Аудиенция кончилась скоро. Отпустив своих министров, Петр надел другой кафтан, поновее, на стуле висевший, отпер комод, вынул из него пять серебряных рублевиков и сказал, отдавши их Густаву:
– Вот тебе на первый случай; годятся на потеху в «Аустерии» [У Курятных ворот, в том доме, где сперва открыт был Московский университет, находилась гостиница «Аустерия»; и доныне слывет под этим названием крайний проход по Скорняжному ряду от Ильинки на Никольскую, где ныне харчевни и лавки.].
– Ваше величество, простите мне, если…
– Пустое, – перебил государь, – всему свой час, и поплакать и повеселиться.

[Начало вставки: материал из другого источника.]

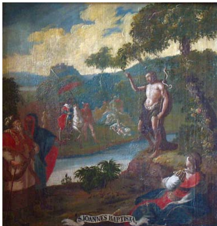
7. Ivan Krstitelj Ranger, S. IOANNES BAPTISTA , ulje na dasci, 1735.–1737., Lepoglava, pjevalište

Ivan Krstitelj Ranger; CHRISTVS DÑS, oil on wood, 1735–1737, choir of the church at Lepoglava
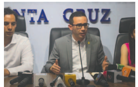
El fiscal Zeballos (c) detalló que el implicado fue remitido a la cárcel tras presentar indicios en su contra

Se presume que el sujeto grabó con la niña videos de contenido sexual desde la gestión 2023. Gracias al trabajo coordinado del Ministerio Público, no solo se logró identificar al agresor, sino también aprehenderlo en la zona de la terminal Bimodal. Además, se secuestraron los dispositivos móviles en los que se tienen las pruebas de los delitos.
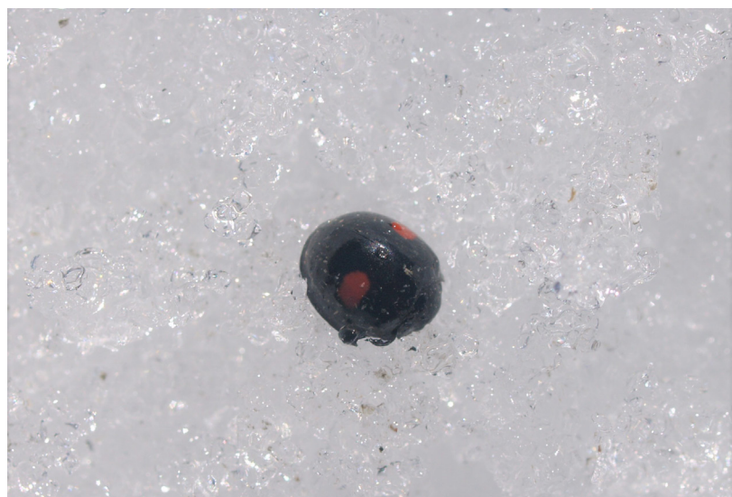
Fig. 5, Chilochorus renipustulatus (Scriba, 1791)
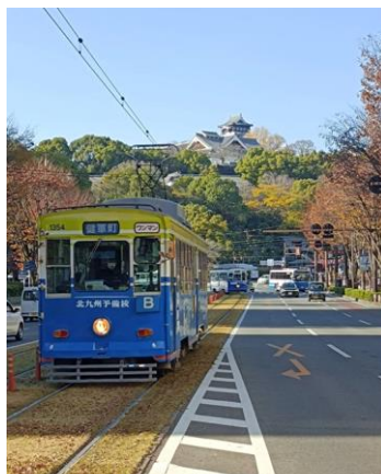
国際交流会館から眺める 熊本城と市電
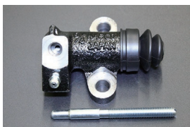
手動調整 3/4リレズシリンダー 適合: GC10/S30前期 サイズ: 3/4 価格: ¥10,800 (2026.4.9更新)
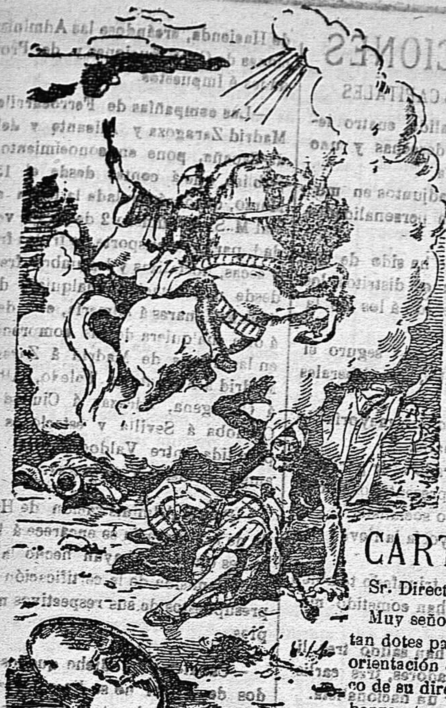
¡Victo Mártir San Jorge!

Redacción y Administración Calle Pintor Casanova N.º 24

Тут послышался из соседней комнаты женский голос, произносивший по-русски на немецкий лад:
– Петр Алексеевич! подите сюда на мою аудиенцию…
На этот зов государь поспешил в другую комнату, и в то время, когда он отворял дверь, Густав увидел сквозь нее прелестную молодую женщину с пестрым чулком на левой руке, который, вероятно, заштопывала, и заметил даже, что она взглянула на него с тем увертливым искусством, какое одни женщины умеют употреблять, когда есть препятствия их любопытству или другим чувствам. Немного погодя раздался поцелуй за дверьми, и Густав услышал голос Петра, выговаривавший довольно внятно:
– Ты знаешь, Катенька, тебе ни в чем отказу нет.
Вслед за тем государь возвратился в кабинет и спросил ласково своего гостя:
– Ты, конечно, давно не был на исповеди?
– Государь! – отвечал Густав. – Я каждый вечер исповедуюсь богу в грехах дня моего; но посредником в них не брал пастора за неимением его в том городе, где я содержался.
– С пастором-то я и хочу тебя свести. Знаешь ли Глика из Мариенбурга?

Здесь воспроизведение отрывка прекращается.